INSTRUCTIONS FOR THE TASK ->
Print the listing below only from the line that has "2021年中國建材家居·門窗" through the line that has "IN AND ON 针织衫开衫女春秋新款百搭显白百搭西装领针织上衣", exactly, and drop any picture.

PROVIDED MATERIAL ->
|---|
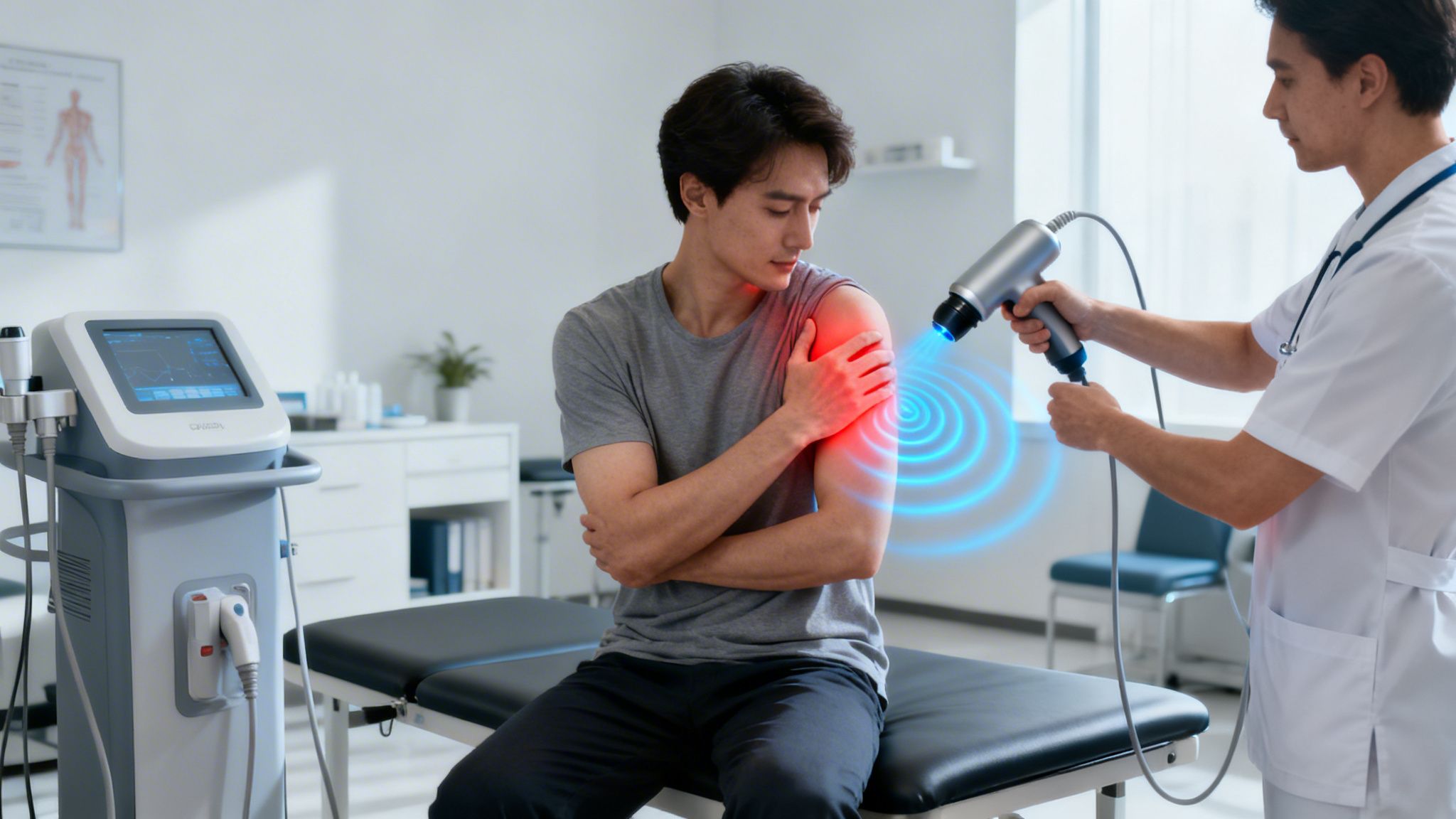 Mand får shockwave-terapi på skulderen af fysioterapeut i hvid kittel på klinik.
|---|
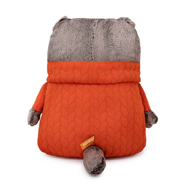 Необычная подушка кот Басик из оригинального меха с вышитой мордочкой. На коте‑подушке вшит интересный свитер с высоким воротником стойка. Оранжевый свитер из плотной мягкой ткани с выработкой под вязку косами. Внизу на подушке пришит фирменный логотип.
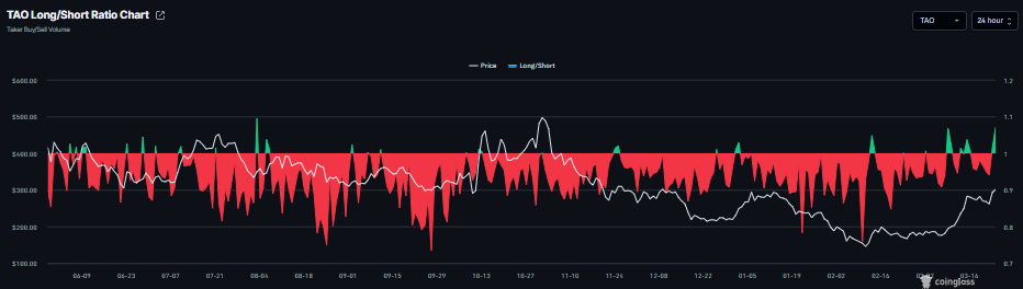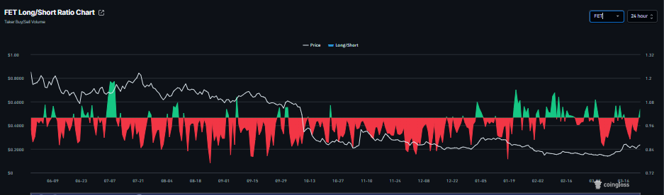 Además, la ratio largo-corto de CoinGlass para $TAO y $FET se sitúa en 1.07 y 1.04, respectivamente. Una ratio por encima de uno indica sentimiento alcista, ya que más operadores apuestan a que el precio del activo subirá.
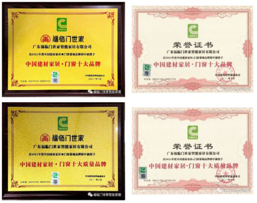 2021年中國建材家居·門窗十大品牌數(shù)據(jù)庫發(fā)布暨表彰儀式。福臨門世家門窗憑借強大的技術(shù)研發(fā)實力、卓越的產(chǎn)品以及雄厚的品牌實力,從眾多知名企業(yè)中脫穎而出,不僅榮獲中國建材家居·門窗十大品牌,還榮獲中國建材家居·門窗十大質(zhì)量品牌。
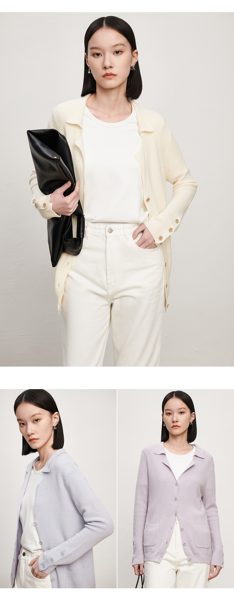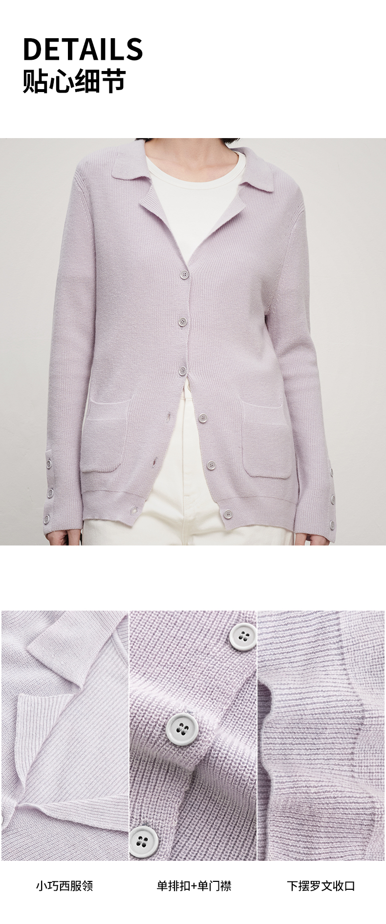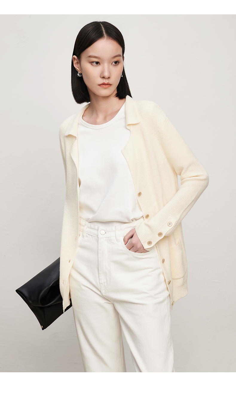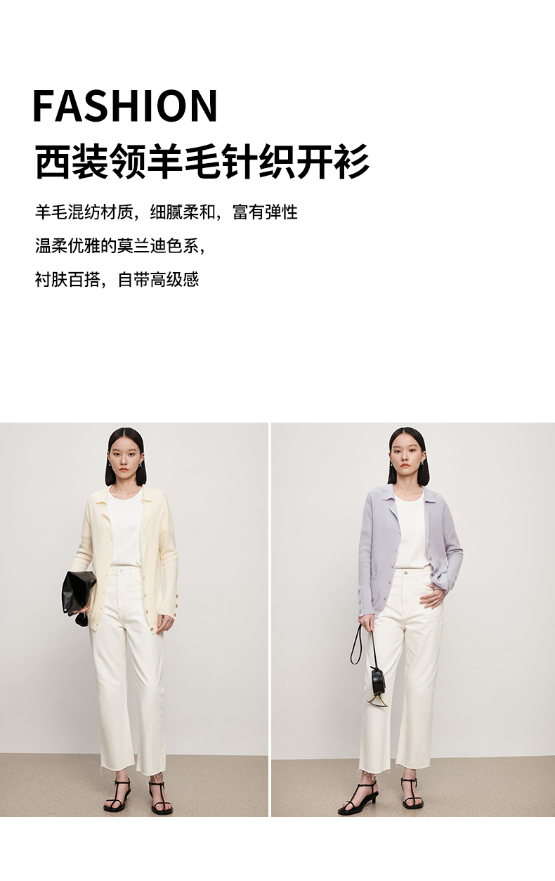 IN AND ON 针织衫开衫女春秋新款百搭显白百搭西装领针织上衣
|---|
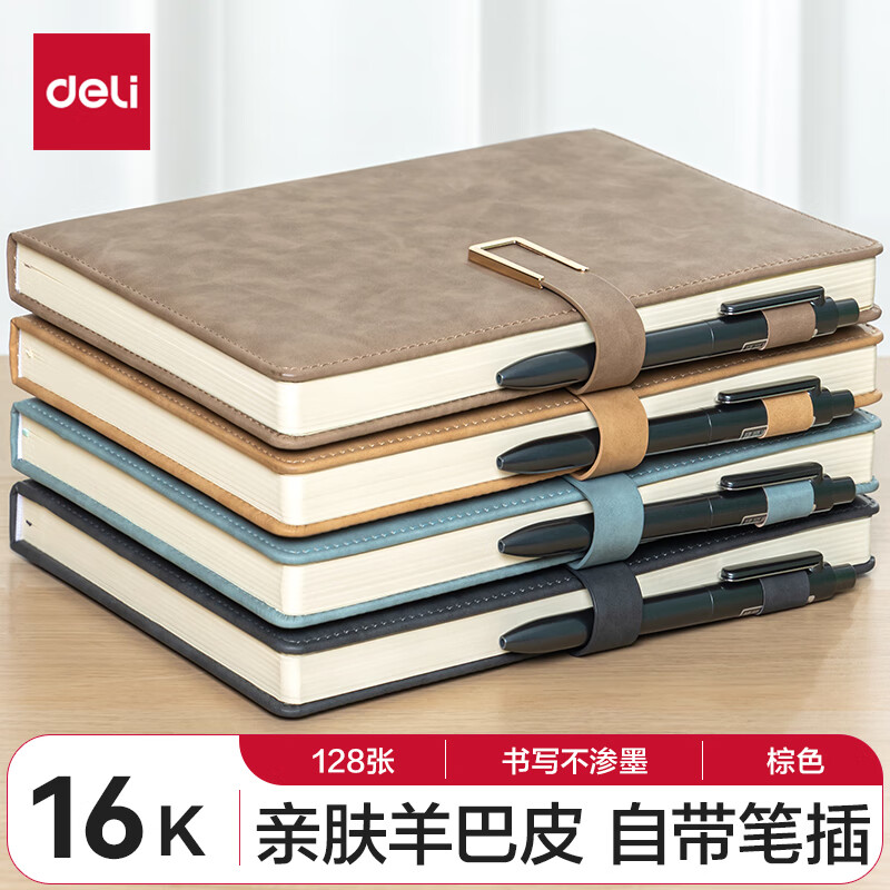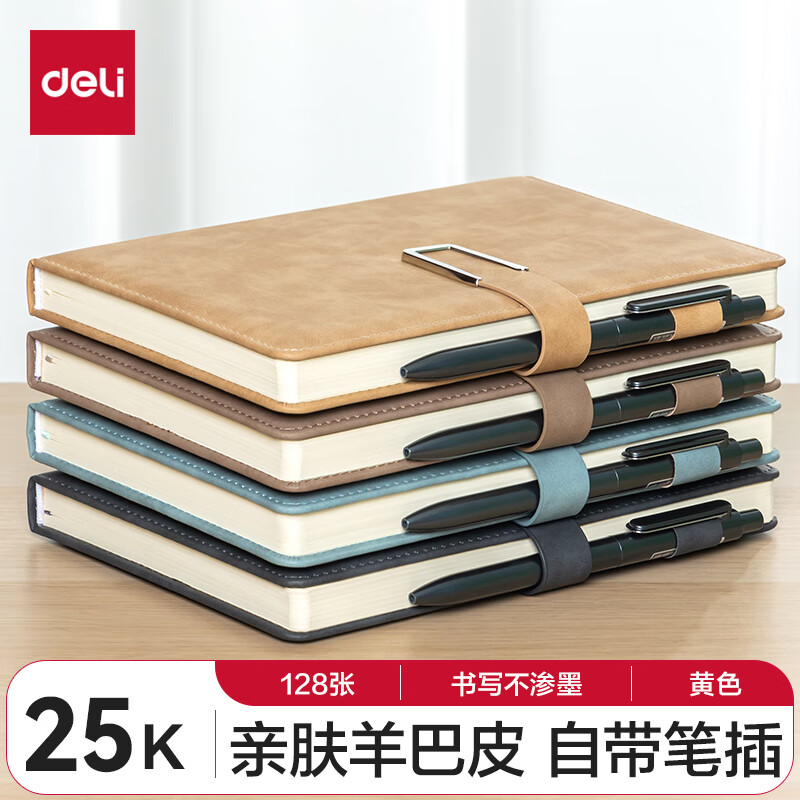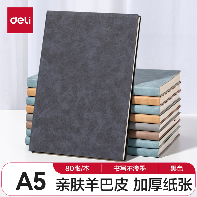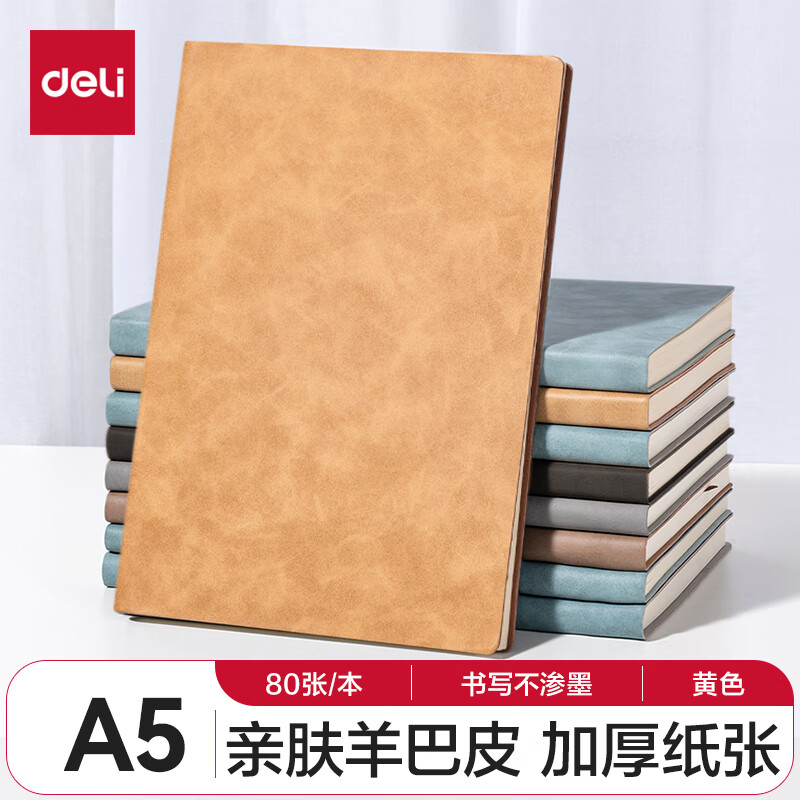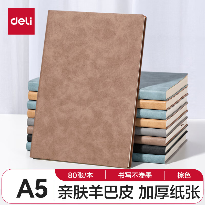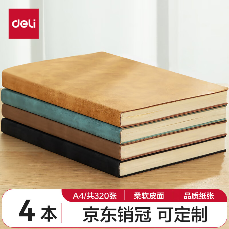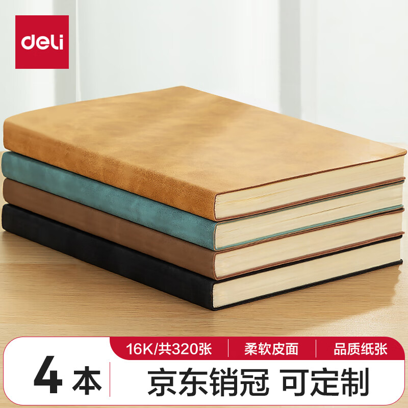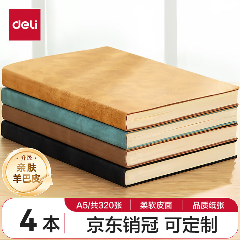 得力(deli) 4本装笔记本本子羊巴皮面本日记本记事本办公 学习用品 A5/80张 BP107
|---|
FINAL ANSWER ->
 2021年中國建材家居·門窗十大品牌數(shù)據(jù)庫發(fā)布暨表彰儀式。福臨門世家門窗憑借強大的技術(shù)研發(fā)實力、卓越的產(chǎn)品以及雄厚的品牌實力,從眾多知名企業(yè)中脫穎而出,不僅榮獲中國建材家居·門窗十大品牌,還榮獲中國建材家居·門窗十大質(zhì)量品牌。
 IN AND ON 针织衫开衫女春秋新款百搭显白百搭西装领针织上衣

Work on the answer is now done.